Having been separated from both parents very early in the war, her eldest brother took care of the family. In 1943, after confinement in Bialystok and PruzhanyGhettos, she and four brothers were sent to Auschwitz. She describes the round up of Jews in Pruzhany, the deportation in open cattle trucks, arrival, selection, and shaving. She describes the absolute miracle that she was not immediately gassed, being dragged out of her assigned truck and put instead with the group of women assigned to hard labor. She was 10 years old. She attributes this miracle to the fact that she was wearing her mother’s coat which made her look older than she was. She explains several times that it is too painful to recount the innumerable stories she could tell about her one and half year experience in Auschwitz. She is able to share descriptions of her constant hunger and fear. She describes fear of punishment – i. e. having her head pushed into a barrel of excrement– and relates the necessity of always wearing her soup bowl on a rope around her neck, even when sleeping. She also describes how the girls took care of each other, reddening cheeks before selections for example. She endured a two-week death march in mid-April 1945 to Ravensbrück and Neustadt-Gleiwitz (possibly Neustadt-Glewe).
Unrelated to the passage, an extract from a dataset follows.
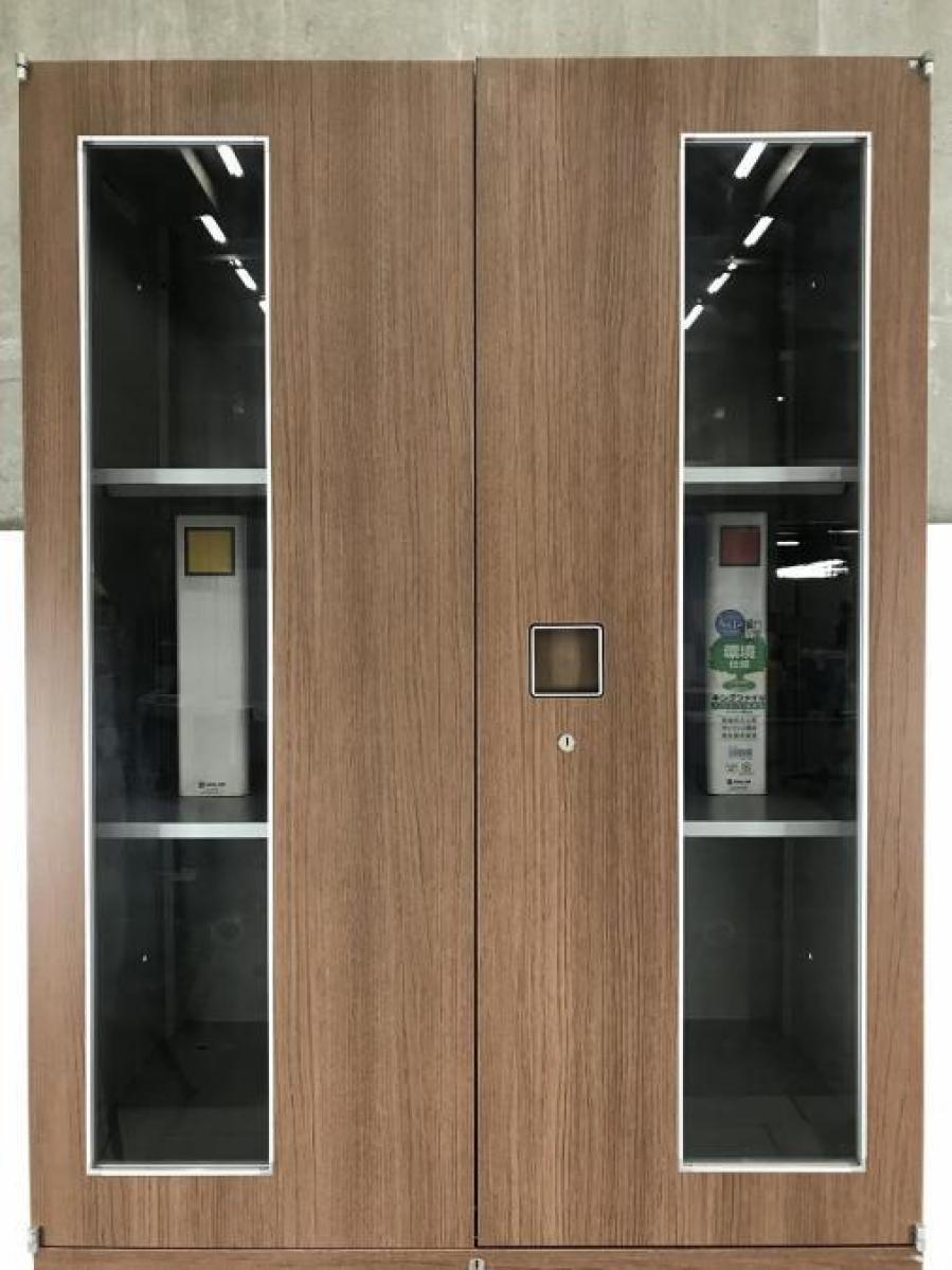 両開き書庫はガラス窓で中身が見えるので、整理整頓とデザイン性を両立!

Liberated by American soldiers, she travelled to Bialystok, where she was reunited with her father who had survived five years in Siberia. Mrs. Farber was separated several years earlier from her mother, who had been transported to Treblinka. After a failed attempt to emigrate to Palestine from the Landsberg displaced persons camp, Mrs. Farber left for the United States in 1949. Sponsored by an uncle in Philadelphia, she remained there, married and had two sons.
Recorded at the 1985 American Gathering of Holocaust Survivors in Philadelphia, PA.